Transnational Lives in Global Cities
Title | Transnational Lives in Global Cities PDF eBook |
Author | Caroline Plüss |
Publisher | Springer |
Pages | 313 |
Release | 2018-12-21 |
Genre | Social Science |
ISBN | 3319963317 |
This book investigates the transnational experiences of Chinese Singaporeans who lived in one of four global cities: Hong Kong, London, New York, or Singapore. Plüss argues that these middle-class, well-educated, and often highly skilled migrants mostly experienced a sense of dis-embeddedness, and not cosmopolitanism, or hybridity, in their transnational lives. The author’s multi-sited study intersects the Chinese Singaporeans’ highly varied perceptions of these global cities and their biographies to show that these migrants—who often were repeat migrants—foremost experienced ruptures and disjuncture in their education, work, family, and/or friendships/lifestyle contexts. Transnational (dis)embeddedness is explained in terms of the Chinese Singaporeans’ access to resources and their views of self, others, places, and societies. Plüss recommends that research on these migrants should more fully account for the complexities of transnational processes, and contributes with such a knowledge to the scholarship on transnationalism, migration, race and ethnicity, and migrant non-integration.
Transnational Lives in China
Title | Transnational Lives in China PDF eBook |
Author | A. Lehmann |
Publisher | Springer |
Pages | 237 |
Release | 2014-01-16 |
Genre | Social Science |
ISBN | 1137319151 |
Increasing numbers of people from Western nations are leaving home to work within the developing economies of Asia.
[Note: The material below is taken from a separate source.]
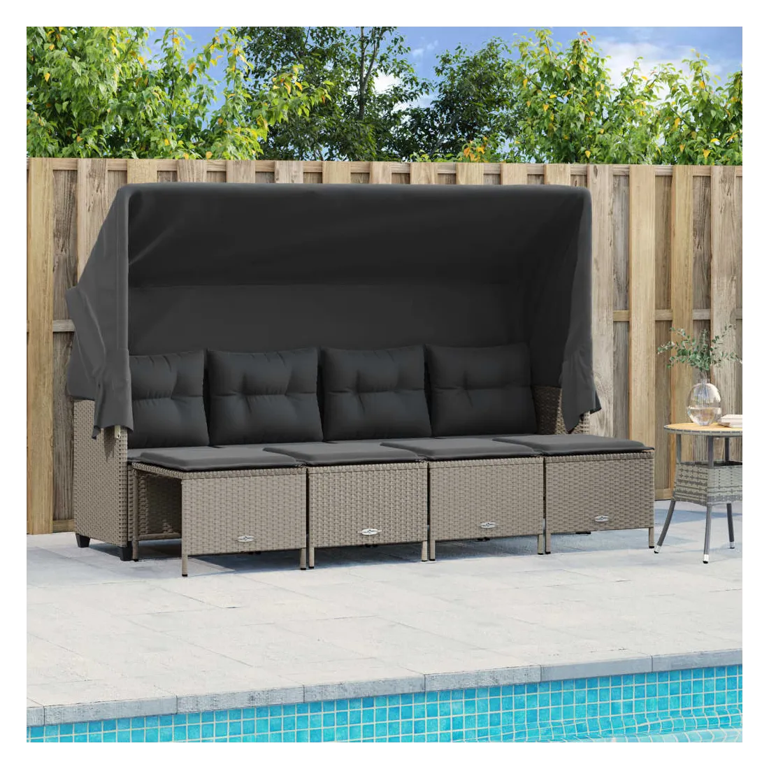 vidaXLCet ensemble de canapés de jardin est le complément parfait de votre arrière-cour, terrasse ou patio, offrant un espace confortable et accueillant pour discuter avec la famille et les amis ou simplement se détendre et profiter de l'extérieur. Matériau durable : la résine tressée, également connue sous le nom de poly rotin, est un matériau synthétique solide et nécessitant peu d'entretien qui ressemble au rotin naturel. Il est léger, facile à nettoyer et couramment utilisé pour les meubles d'extérieur en raison de sa durabilité et de ses propriétés de résistance aux intempéries.Auvent rétractable : grâce à l'auvent rétractable, vous pouvez créer un environnement extérieur frais et agréable tout au long de la journée.Expérience d'assise confortable : ce mobilier d'extérieur, doté de coussins épais, offre une expérience d'assise confortable.Pouf polyvalent : le tabouret est polyvalent, servant de repose-pieds confortable lorsque vous vous prélassez sur le canapé ou de siège supplémentaire dans votre jardin.Housse amovible et lavable : ces coussins de siège sont dotés de housses amovibles pour un lavage et un entretien faciles. Bon à savoir :Pour que vos meubles d'extérieur restent beaux, nous vous recommandons de les protéger avec une housse imperméable.

Here, Angela Lehmann explores a second-tier city in China and uses sociological theory to understand the impact of global mobility on identity, community and belonging.
Locating Migration
Title | Locating Migration PDF eBook |
Author | Nina Glick Schiller |
Publisher | |
Pages | 300 |
Release | 2011 |
Genre | Cities and towns |
ISBN | 9780801476877 |
This books examines the relationship between migrants and cities in a time of massive urban restructuring, finding that locality matters in migration research and migrants matter in the reconfiguration of contemporary cities.
The Global City
Title | The Global City PDF eBook |
Author | Saskia Sassen |
Publisher | Princeton University Press |
Pages | 481 |
Release | 2013-04-04 |
Genre | Social Science |
ISBN | 1400847486 |
This classic work chronicles how New York, London, and Tokyo became command centers for the global economy and in the process underwent a series of massive and parallel changes. What distinguishes Sassen's theoretical framework is the emphasis on the formation of cross-border dynamics through which these cities and the growing number of other global cities begin to form strategic transnational networks. All the core data in this new edition have been updated, while the preface and epilogue discuss the relevant trends in globalization since the book originally came out in 1991.
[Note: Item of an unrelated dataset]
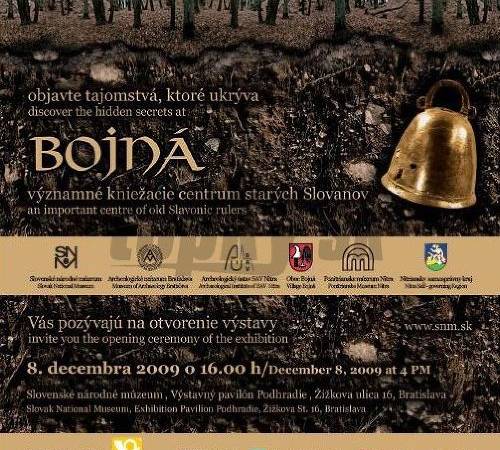 Bratislava 7. decembra 2009 – Slovenské národné múzeum-Archeologické múzeum v Bratislave, Archeologický ústav SAV Nitra, Ponitrianske múzeum Nitra, Obec Bojná oznamujú otvorenie výstavy Bojná / Významné kniežacie centrum starých Slovanov.

Moving Cities – Contested Views on Urban Life
Title | Moving Cities – Contested Views on Urban Life PDF eBook |
Author | Lígia Ferro |
Publisher | Springer |
Pages | 224 |
Release | 2017-08-03 |
Genre | Social Science |
ISBN | 3658184620 |
The texts of the book focus on the problems and challenges of urban change, especially in Europe, in the contemporary context of intense mobility. The main topics are mobility, urban social structure, migrations, urban inequalities, urban activism, community, neighbourhood life, uses of public spaces and methodological approaches to urban life such as ethnography.
Making Cities Global
Title | Making Cities Global PDF eBook |
Author | A. K. Sandoval-Strausz |
Publisher | University of Pennsylvania Press |
Pages | 352 |
Release | 2018 |
Genre | History |
ISBN | 0812249542 |
Making Cities Global argues that combining urban history with a transnational approach leads to a better understanding of our increasingly interconnected world. In order to achieve prosperity, peace, and sustainability in metropolitan areas in the present and into the future, we must understand their historical origins and development.
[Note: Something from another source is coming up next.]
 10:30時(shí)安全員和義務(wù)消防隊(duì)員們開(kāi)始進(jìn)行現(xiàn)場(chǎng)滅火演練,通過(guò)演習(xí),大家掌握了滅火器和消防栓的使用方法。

Global Cities, Local Streets
Title | Global Cities, Local Streets PDF eBook |
Author | Sharon Zukin |
Publisher | Routledge |
Pages | 242 |
Release | 2015-07-16 |
Genre | Social Science |
ISBN | 1317689747 |
Global Cities, Local Streets: Everyday Diversity from New York to Shanghai, a cutting-edge text/ethnography, reports on the rapidly expanding field of global, urban studies through a unique pairing of six teams of urban researchers from around the world. The authors present shopping streets from each city – New York, Shanghai, Amsterdam, Berlin, Toronto, and Tokyo – how they have changed over the years, and how they illustrate globalization embedded in local communities. This is an ideal addition to courses in urbanization, consumption, and globalization.. The book’s companion website, www.globalcitieslocalstreets.org, has additional videos, images, and maps, alongside a forum where students and instructors can post their own shopping street experiences.